Saranya SuwanangulRotimi Emmanuel AlukoPapungkorn SangsawadDanchai KreungngerndKhanitta Ruttarattanamongkol
Published in: Journal of food biochemistry (2022)
The objective of this study was to determine the in vitro activities such as antioxidant and inhibitions of angiotensin converting enzyme, dipeptidyl peptidase-IV, prolyl oligopeptidase, and 3-hydroxy-3-methyl-glutaryl-coenzyme A reductase of sacha inchi protein hydrolysate (SPH) and its membrane ultrafiltration peptide fractions. SPH was prepared after hydrolysis of sacha inchi protein using papain followed by separation into peptide fractions (F1: <1 kDa, F2: 1-3 kDa, F3: 3-5 kDa, and F4: 5-10 kDa) via ultrafiltration membranes.
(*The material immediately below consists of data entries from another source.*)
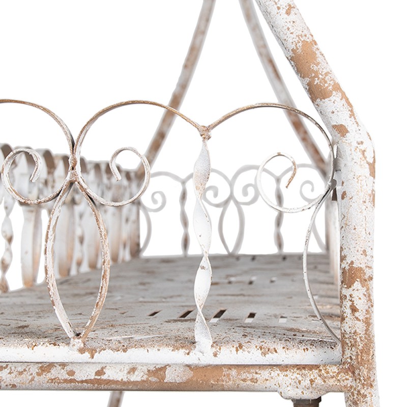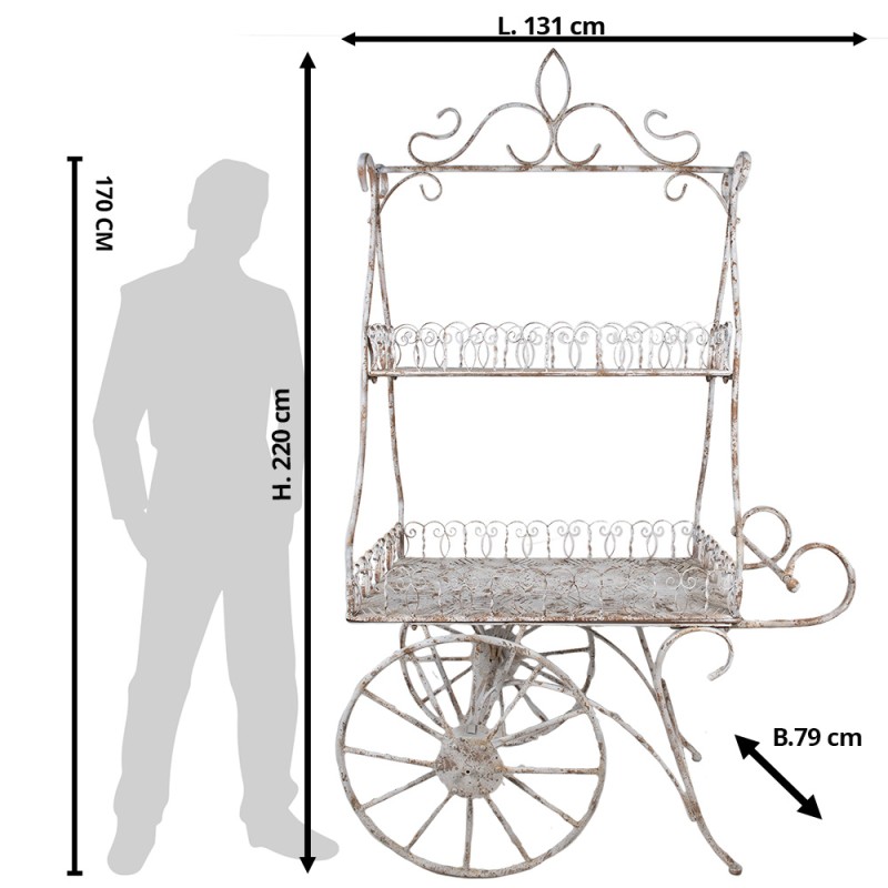 Decoratieve wit-bruine metalen plantenkar met een elegant ontwerp en gedetailleerde afwerking. Een blikvanger in uw tuin. Het is een prachtige tuindecoratie die uw tuin naar een hoger niveau tilt.
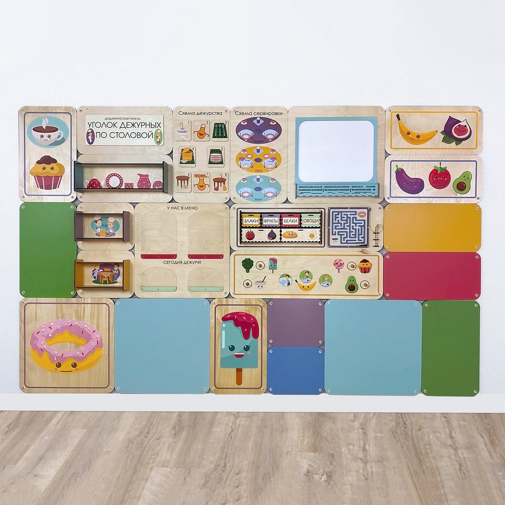 Набор дополнительных модулей для комбинации с дидактическими настенными панелями. Отличное интерьерное решение для оформления помещений в едином стиле.
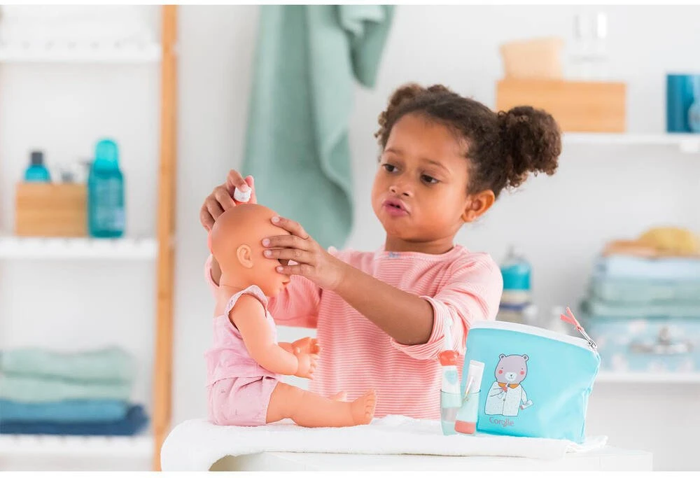 Avec la Trousse de Toilette et ses accessoires; l’enfant dispose de tout ce qu’il faut pour rĂ©aliser la toilette de son grand poupon de 36 Ă 42 cm et intĂ©grer le rituel du brossage de dents : un lait de toilette; un tube de dentifrice; une brosse Ă dents Ă©lectrique factice; un verre; ainsi qu’une jolie trousse de toilette pour tout ranger.
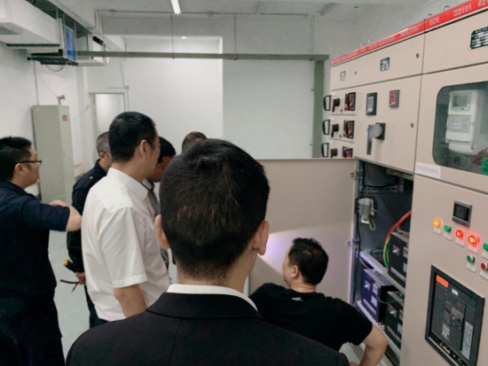 圖為多方合力查找問題現(xiàn)場 5月23日,電力公司上門檢修,告知配電房及電路問題一切正常。面對空調(diào)正常、電路正常的報告,展廳內(nèi)又嘗試開啟空調(diào),但10分鐘左右高壓又跳閘。即將進入炎熱的夏季,房產(chǎn)銷售展廳內(nèi)不能缺少空調(diào)。 房產(chǎn)公司求援于工程部機電設(shè)備維養(yǎng)中心,5月28日,葉俊等四名專業(yè)電力人員,以及大溪嶺隧道所金衛(wèi)軍赴銷售廳對電力問題進行現(xiàn)場勘察,經(jīng)仔細梳理、剖析,得出結(jié)論后反饋給電力部門,電力部門采納建議后第二次派人前來整改,歷史遺留電力問題終于徹底排除。 鄭攀
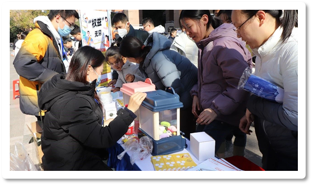 本次地推活动游戏区共有全心“权益”(投壶游戏)、“权益”无穷(积木游戏)、“权益”传递(运球游戏)和“权益”乐猜(你比我猜)四个游戏,同学们通过现场组队完成这些游戏任务,以获得积分印章并兑换奖品。游戏过程中的互动在无形中增强了同学们之间的友谊和默契,让同学们在游戏中收获了更多的快乐。
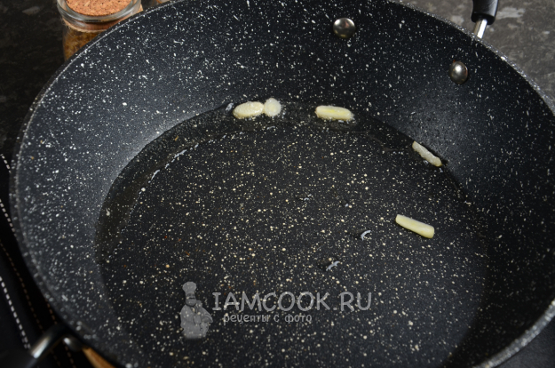 На сковороду налейте немного масла и разогрейте. Зубчик чеснока почистите и нарежьте пластинками, выложите в масло и жарьте на тихом огне не более минуты.
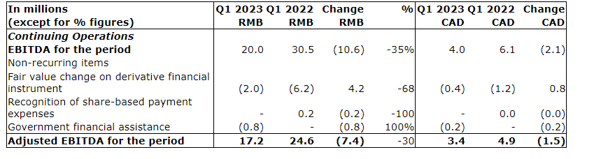 On a comparable basis, the adjusted EBITDA in Q1 2023 was 17.2 million renminbi (approximately $3.4-million), a decrease of 7.4 million renminbi (approximately $1.5-million), or 30 per cent, from 24.6 million renminbi (approximately $4.9-million) in Q1 2022.
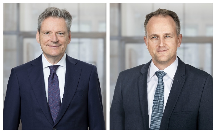 Jörg Arnold (links), Chef von Swiss Life Deutschland, gibt diesen Posten im Juli 2024 auf. Sein Nachfolger wird Dirk von der Crone (rechts).
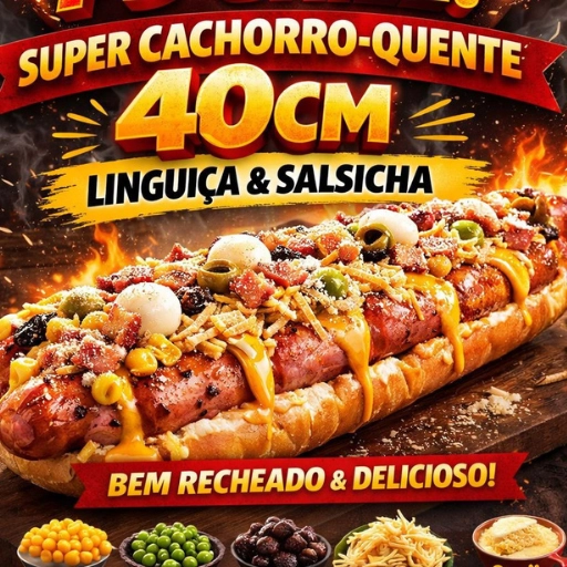 Pão, frango, linguiça e carne, queijo mussarela no maçarico, cebola crispy, batata palha e molho à sua preferência.
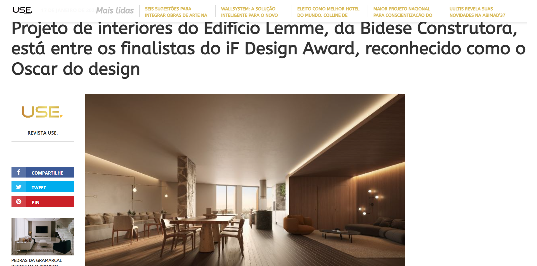 Confira a matéria completa em: https://revistause.com.br/projeto-de-interiores-do-edificio-lemme-da-bidese-construtora-esta-entre-os-finalistas-do-if-design-award-reconhecido-como-o-oscar-do-design/

SPH and the peptide fractions were tested for multifunctional properties, specifically functional ability as antioxidants and enzyme inhibitors. Surface hydrophobicity was an important contributing factor to the activity of antioxidative peptides. The DPPH inhibitory activity of F4 was significantly higher (p < .05) than activities of the SPH and other fractions. The smaller peptides with <1 kDa size (F1) showed the most potent (p < .05) antioxidant properties based on the stronger scavenging of ABTS, DPPH, and superoxide radicals in addition to better attenuation of linoleic acid peroxidation. Moreover, the F1 was also the strongest inhibitor of angiotensin converting enzyme, dipeptidyl peptidase-IV, prolyl oligopeptidase inhibition, and 3-hydroxy-3-methyl-glutaryl-coenzyme A reductase based on the lower IC 50 values. It was concluded that the smaller size of the F1 peptides was the main determinant of its strong antioxidant and enzyme inhibition potency, which could be taken as an advantage to formulate functional foods and nutraceuticals with potential activities in ameliorating some of the chronic human diseases. PRACTICAL APPLICATIONS: The results of present study indicate that SPH and its ultrafiltration fractions are potential sources of antihypertensive, antidiabetic, inhibition of POP, reduced cholesterol, and strong antioxidant peptides. The strong angiotensin converting enzyme, dipeptidyl peptidase-IV, prolyl oligopeptidase inhibition, and 3-hydroxy-3-methyl-glutaryl-coenzyme inhibitory efficiency of the F1 peptides (MW < 1 kDa) suggest potential utility as an antihypertensive, antidiabetic agent, reduce cholesterol and brain plasticity and memory formation because the small peptide size could enhance absorption from the gastrointestinal tract. Overall, results from this study indicate that SPH, especially the F1 peptides may have applications as ingredients for the formulation of functional foods and nutraceuticals.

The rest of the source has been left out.